Alaska, we send our children outside to school and they stay there, sigh.
I don't think I'm going to go for a masters, honestly. Time will tell. If I do get one, it will be in China.
Dude my school wanted the paper work in Feb. That's insane.
Mine did that too... Always at the start of your last semester.
Don't stop now... Grab on to all the education you can get with both hands.
Where did you read this?
A lot of the Kaboomers I have known who majored in computer science and programming back in the computer stone age that was the 1970s to mid-1980s have told me they became obsolete in 15-20 years, depending on how hard they worked to stay current on their knowledge. On the other hand, computer engineers were able to stick at it until relatively close to retirement age.
I don't know how the industry works these days, seeing as how we don't have punch cards and no one owns a computer built by IBM...
I imagine the feeling I have now as I listen to Watermark talk about programming is very similar to when people listen to me talk about guns.
Variable name: A name of a variable. For instance, in C
int x = 3;
int is the kind of variable, 3 is the value being assigned to the variable, x is the name. Oldskool programmers would write names like this:
int tmp = tmpctrllr.crrtmp;
Modern programmers would make variable names like this:
int theCurrentTemperatureReadingFromTheTemperatureGuage = theClassThatControlsTheTemperatureGuage.aMethodThatRetrievesTheCurrentTemperatureGaugeReading;
Clearly, the second example is much preferable.

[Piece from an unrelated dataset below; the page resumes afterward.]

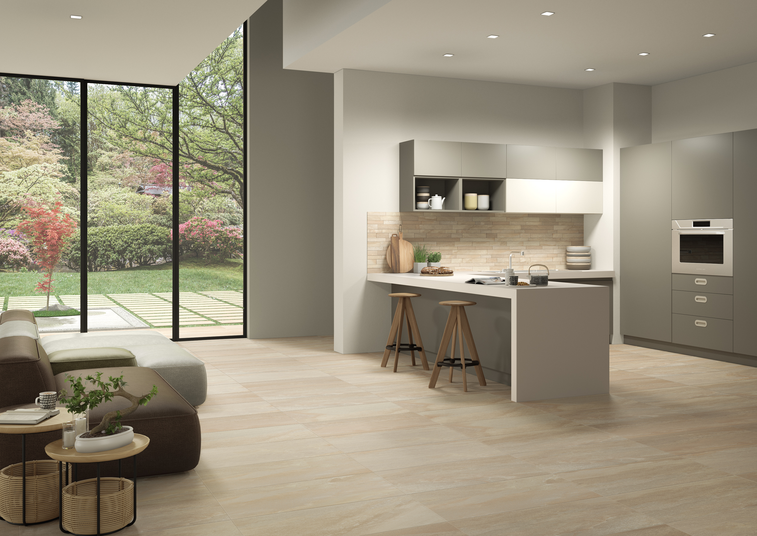 Se si desidera dare vita a un ambiente essenziale e in stile minimalista, rivestire il pavimento con lastre di grande formato (a par re da 60×60 cm), sarà perfetto, anche nel caso in cui lo spazio non fosse grandissimo.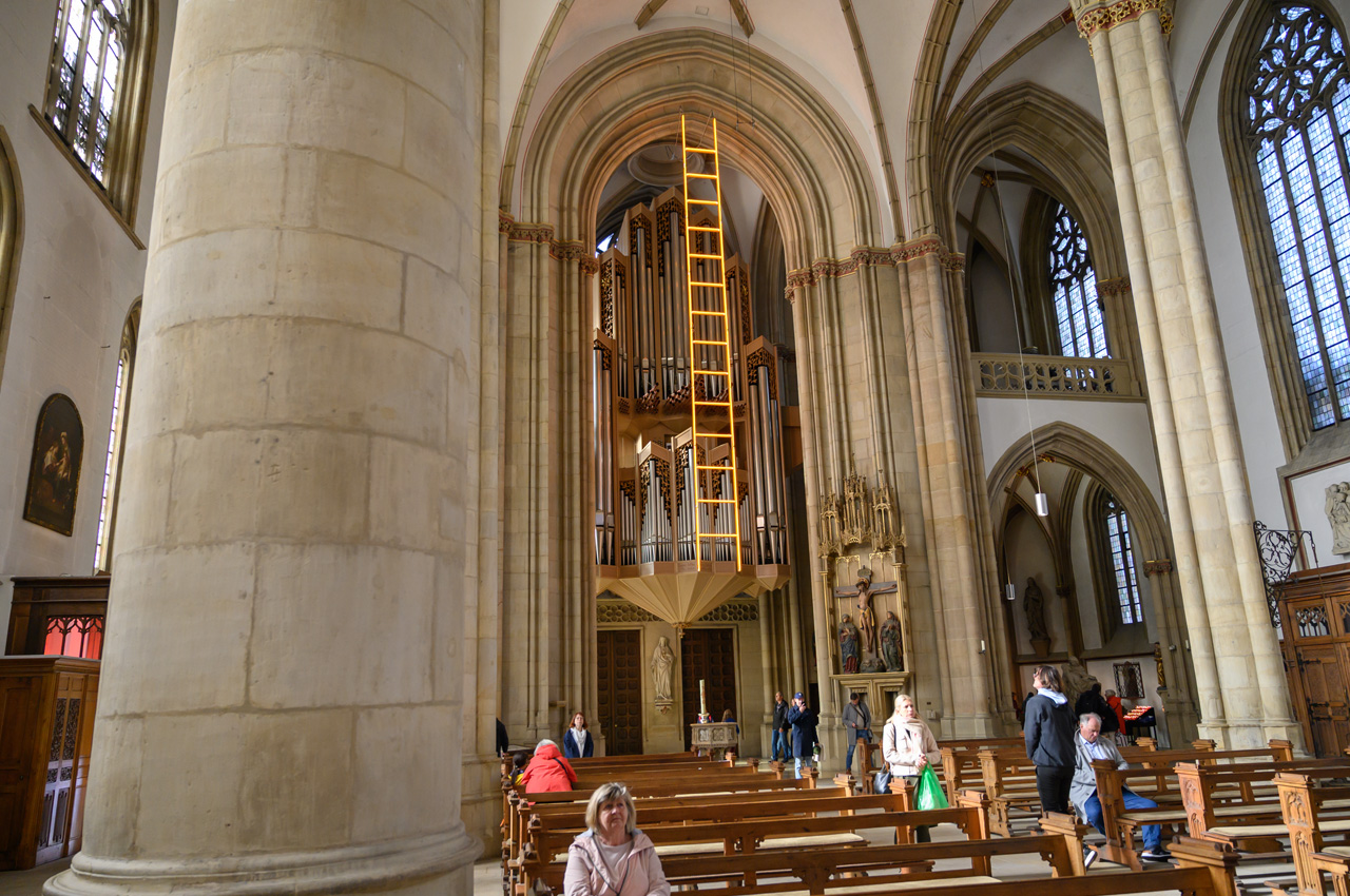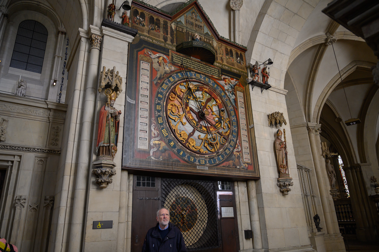 Gegen 12:00 Uhr sah es dann auch tatsächlich danach aus. Ich habe den NIU aus der Garage geholt und wir sind in Richtung Altstadt von Münster gestartet. Die angedrohten 13km haben wir problemlos geschafft, als Ziel hatte ich die Touristeninfo eingegeben. Den NIU haben wir in der Asche abgestellt, von da beginnt auch die Fußgängerzone. Auf dem Weg zur Touristeninfo waren wir noch in der Franziskanerkirche. Sie wird nicht mehr sakral genutz. In der Mitte des ehemaligen Kirchenschiffes gibt es ein Kunstwerk. Ein äußerst rühriger Aufseher hat uns erklärt, um was es sich hier eigentlich handelt. Aus der mitte der Kuppel hängt ein Pendel heraus mit einer Stahlkugel, die durch einjen pulsierenden Ringtrafo angetrieben wird. Auf einem Ring auf dem Boden sind Gradzahlen eingegeben. Anhand der Lageveränderung der Kugel beim Pendel, kann man die Erddrehung nachweisen. Die Kugel wandert mit ihren Ausschlägen auf dem Gradring, je nach Uhrzeit. Äußerst interessant und gut, dass uns das erklärt wurde, wir hätten sonst nicht verstanden, was das zu bedeuten hat. In der Touristeninfo haben wir uns mit einem Stadtplan ausgestattet, so haben wir auch schnell das historische Rathaus gefunden, ein sehr erstaunliches Gebäude oder besser gesagt Gebäudekomplex. Der Rathausturm steht komplett separat. Über den Prinzipalmarkt ist man an der St. Lamberti Kirche. Die Kirche enthält viele Epitaphe der Honorigen dieser Stadt. Wir haben erst durch die Ausgestaltung gemerkt, dass wir nicht im Dom sind, wovon wir beim betreten von ausgegangen sind. Von hier aus ging es zum Domplatz, wo gerade Wochenmarkt war. Hier tobte das Leben und man war förmlich gezwungen, im Mainstream mitzuschwimmen. Der Dom hat uns sehr beeindruckt, dieses Mal war es auch wirklich der Dom, besonders die astronomische Uhr, ein kleines technisches Wunderwerk. Nach der Dombesichtigung waren wir nochmal auf dem Wochenmarkt. Da war ein Stand aus den Niederlanden mit Poffertjes. Da konnten wir natürlich nicht widerstehen. Vom Domplatz aus sind wir noch zu der Liebfrauen-Überwasserkirche gelaufen. Die Kirche ist eher schlicht. Wir haben uns nicht lange darin aufgehalten, da wurde gerade eine Hochzeit vorbereitet. Von der Kirche aus sind wir im Bogen durch die schönen Fußgängerzonen zurück zu unserem NIU gelaufen. Das war ein ganz schön strammes Pensum für Susanne. Mit dem NIU sind wir noch zum Schloss gefahren. Vor dem Schloss war ein riesiger Rummel und für den Parkplatz sollte man 10,-€ für die Nutzung zahlen. Ist wohl ein bisschen heftig. Wir haben unseren NIU in einer Seitenstraße abgestellt und sind zum Schloss gelaufen. Schon wieder Laufen für Susanne, sie hat aber tapfer durchgehalten. Das Schloss ist in einem superguten Zustand und sieht sehr majestätisch aus. Für den dahinterliegenden botanischen Garten war es dann aber doch etwas viel für Susannes Fuß. Den heben wir uns für einen späteren Besuch mal auf. Auf dem Rückweg zum Womo haben wir an einem ALDI noch einen Zwischenstop eingelegt um uns mit frischen Lebensmitteln zu versorgen.

Global: A kind of variable accessible from any part of the program. This is bad practice, because you don't want a function in some obscure part of the program modifying the value of a variable that might be being used elsewhere, in a function, a class, or the main part of the program (the main part is the part that starts running when the program launches, from which all the other classes and functions used in the program are first called).
You've just been skooled.
All I read was moon man speak.
I'm sorry, I can't start any further in the basics of programming than the concept of assigning values to variables. The absurdly long variable name was supposed to be a joke, btw. In practice, I was critscizing ancient, extremely brief and non-descriptive variables as much as modern, unnecessarily wordy ones.
Meh, learning more computer science would take away from time that I could spend learning all the languages in the world and studying history.
public partial class MainWindow : Window{
public MainWindow(){
InitializeComponent(); }
private void First_PreviewTextInput(object sender, TextCompositionEventArgs e){
Regex regex = new Regex("^[.][0-9]+$|^[0-9]*[.]{0,1}[0-9]*$");
String text = (sender as TextBox).Text.Insert((sender as TextBox).SelectionStart, e.Text);
e.Handled = !regex.IsMatch(text); }
private Func<double,double, double> opOfType(String operationName){
switch(operationName){
case "times": return (x, y) => y*x;
case "divide": return (x, y) => y/x;
case "plus": return (x, y) => y+x;
case "minus": return (x, y) => y-x;
default: return (x,y) => -1;}}
private void op_Click(object sender, RoutedEventArgs e){
if(First.Text=="" || Second.Text==""){
MessageBox.Show("Need numbers in both textboxes.");
return;}
Button opButton = e.OriginalSource as Button;
Func<double,double,double> operation = opOfType(opButton.Name);
double firstNum = Convert.ToDouble(First.Text);
double secondNum = Convert.ToDouble(Second.Text);
double outNum = operation(firstNum, secondNum);
Output.Text = Convert.ToString(outNum);}
private void clear_Click(object sender, RoutedEventArgs e){
First.Text="";
Second.Text="";
Output.Text="";}
}
Um... They do have classes in those in places called "schools" and "universities"... They are amazing places. Languages are easy for me though, I wouldn't spend too much money on those.